*Task prompt*. Set down again exactly the lines of the listing below that fall between the line holding "欧莱雅复颜玻尿酸套装(眼霜3" and the line holding "Group of bathroom", inclusive.

___ Data records

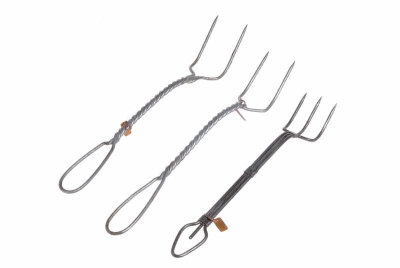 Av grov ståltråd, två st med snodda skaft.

______
___ Data records

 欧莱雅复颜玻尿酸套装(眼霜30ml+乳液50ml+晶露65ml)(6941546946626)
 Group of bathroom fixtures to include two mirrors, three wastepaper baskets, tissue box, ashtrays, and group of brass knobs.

______

*Your solution*.
 欧莱雅复颜玻尿酸套装(眼霜30ml+乳液50ml+晶露65ml)(6941546946626)
 Group of bathroom fixtures to include two mirrors, three wastepaper baskets, tissue box, ashtrays, and group of brass knobs.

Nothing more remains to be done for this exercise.